(Beginning of Dataset records)

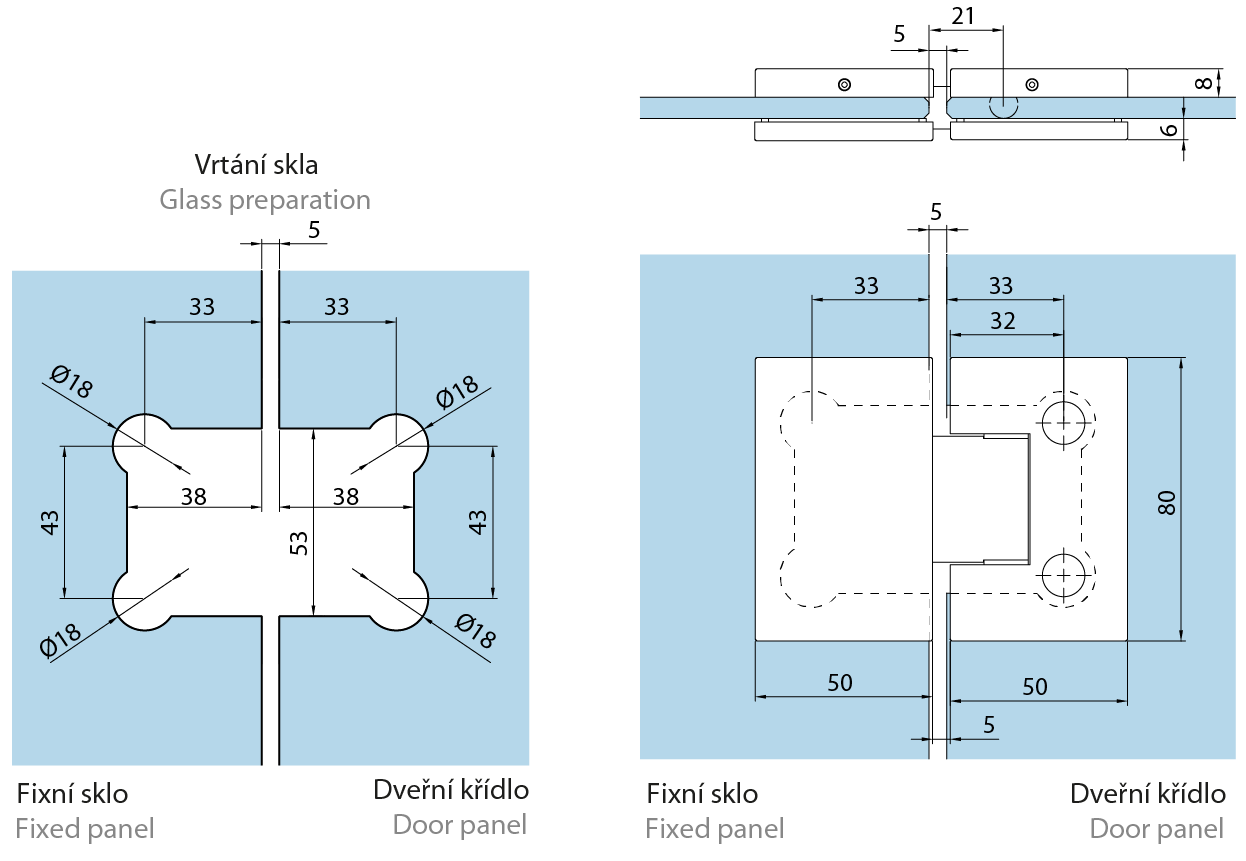 Závěsy sklo-sklo s oboustranným otevíráním, se samozavíracím pružinovým mechanismem v rozsahu 0° - 30° a s regulací nulové polohy ± 10°.
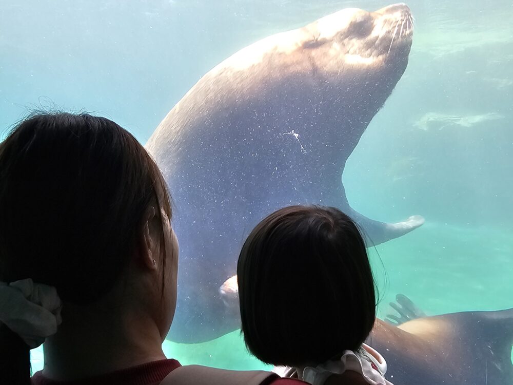 休憩を終えさらに進むと、巨大なセイウチやトドたちが暮らす大きな水槽が見えてきました。
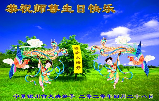 宁夏银川市大法弟子恭祝师尊生日快乐!祝贺5.13世界法轮大法日! 感恩师尊大法洪传, 真善忍好避灾驱难。 诚念能灭中共肺炎, 弟子精進齐登法船。 二零二零年四月二十九日 宁夏银川市大法弟子叩谢师尊洪恩!恭祝师尊六十九华诞!
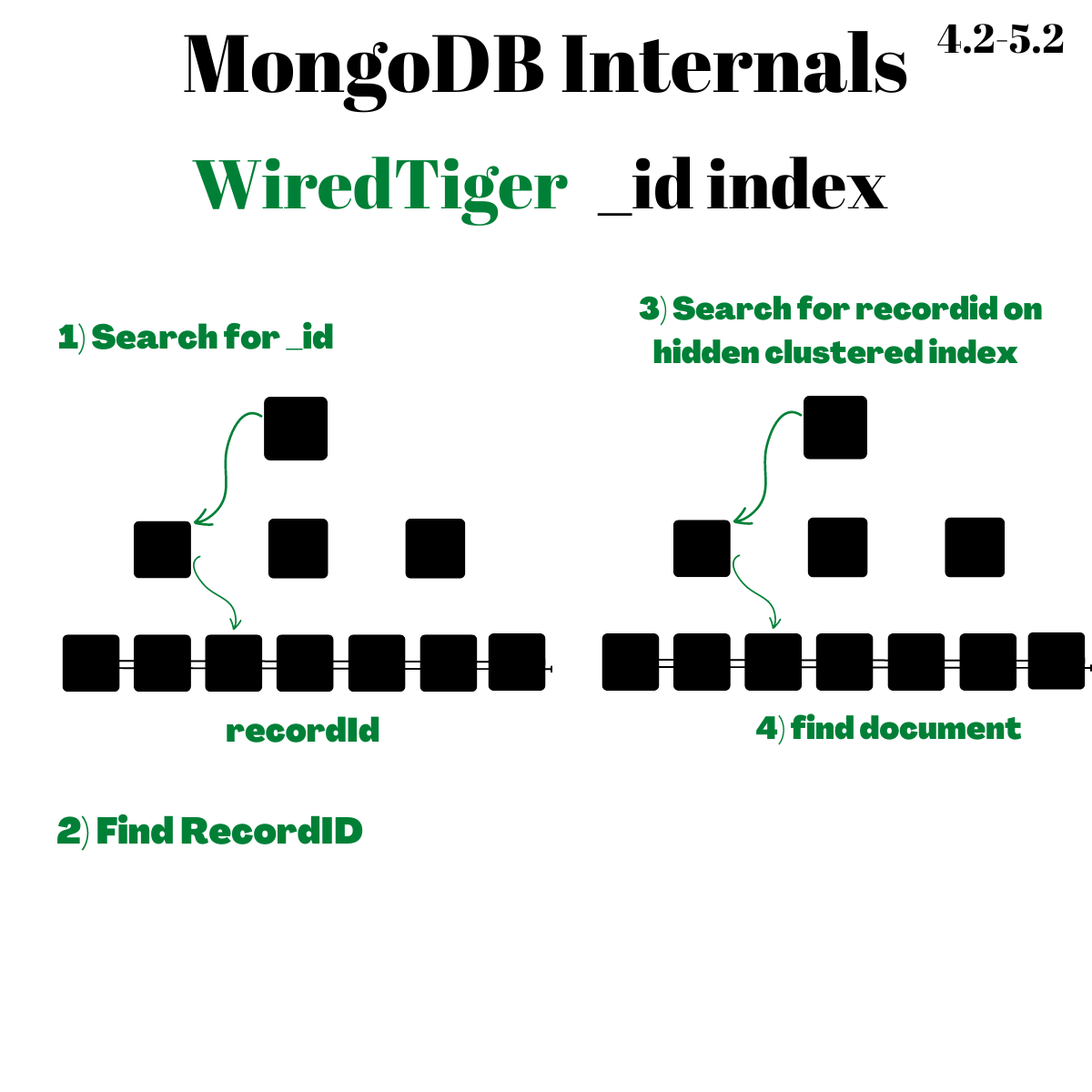 In this article I discuss the evolution of MongoDB internal architecture on how documents are stored and retrieved focusing on the index storage representation. I assume the reader is well versed with fundamentals of database engineering such as indexes, B+Trees, data files, WAL etc, you may pick up my database course to learn the skills.
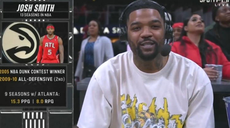 前老鷹球員約什-史密斯也來到現(xiàn)場,效力老鷹9個賽季中,約什-史密斯場均15.3分8板3.2助,曾斬獲過1次NBA全明星扣籃大賽冠軍,并入選最佳新秀二陣和最佳防守二陣(09-10賽季)。
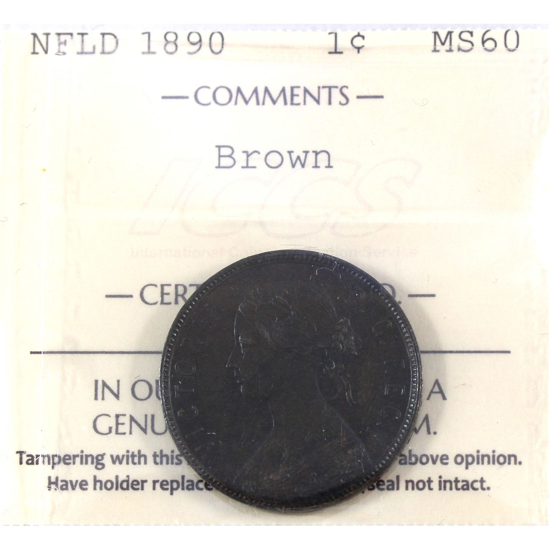 NFLD 1-cent 1890 ICCS Certified MS60, Brown. Nice Consistent Brown Surface!
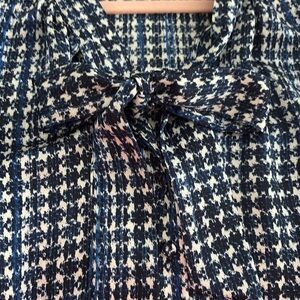 Tahari Blue & White Patterned Sleeveless Buttoned Blouse w/Tie in Front. Size 1X
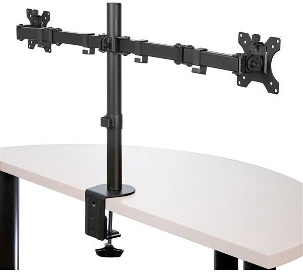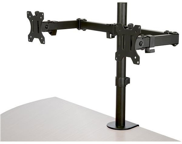 Work in comfort while saving space. This highly functional desk mount dual monitor arm brings you a cost-effective and versatile solution to an ergonomic workspace. Enjoy a wide range of motion with the double-jointed crossbar design plus tilt, swivel, rotation and height adjustment.
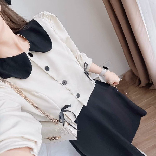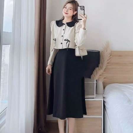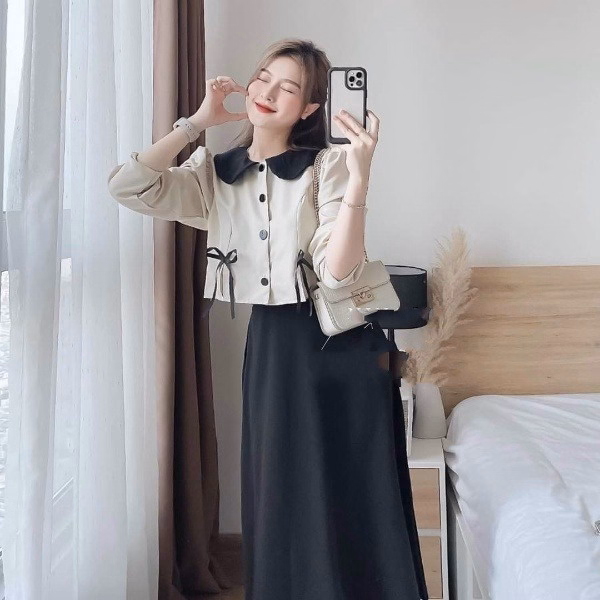 Set Chân Váy Kèm Áo Tay Dài Phối Bèo Cổ Cài Nút Thật V41 – Haka Mây

(End of Dataset records)

**Exercise goal:** Skip the pictures; extract only the lines from the line with "前老鷹球員約什-史密斯也來到" through the final line of the material, exactly as they appear.

**Solved exercise:**
 前老鷹球員約什-史密斯也來到現(xiàn)場,效力老鷹9個賽季中,約什-史密斯場均15.3分8板3.2助,曾斬獲過1次NBA全明星扣籃大賽冠軍,并入選最佳新秀二陣和最佳防守二陣(09-10賽季)。
 NFLD 1-cent 1890 ICCS Certified MS60, Brown. Nice Consistent Brown Surface!
 Tahari Blue & White Patterned Sleeveless Buttoned Blouse w/Tie in Front. Size 1X
 Work in comfort while saving space. This highly functional desk mount dual monitor arm brings you a cost-effective and versatile solution to an ergonomic workspace. Enjoy a wide range of motion with the double-jointed crossbar design plus tilt, swivel, rotation and height adjustment.
 Set Chân Váy Kèm Áo Tay Dài Phối Bèo Cổ Cài Nút Thật V41 – Haka Mây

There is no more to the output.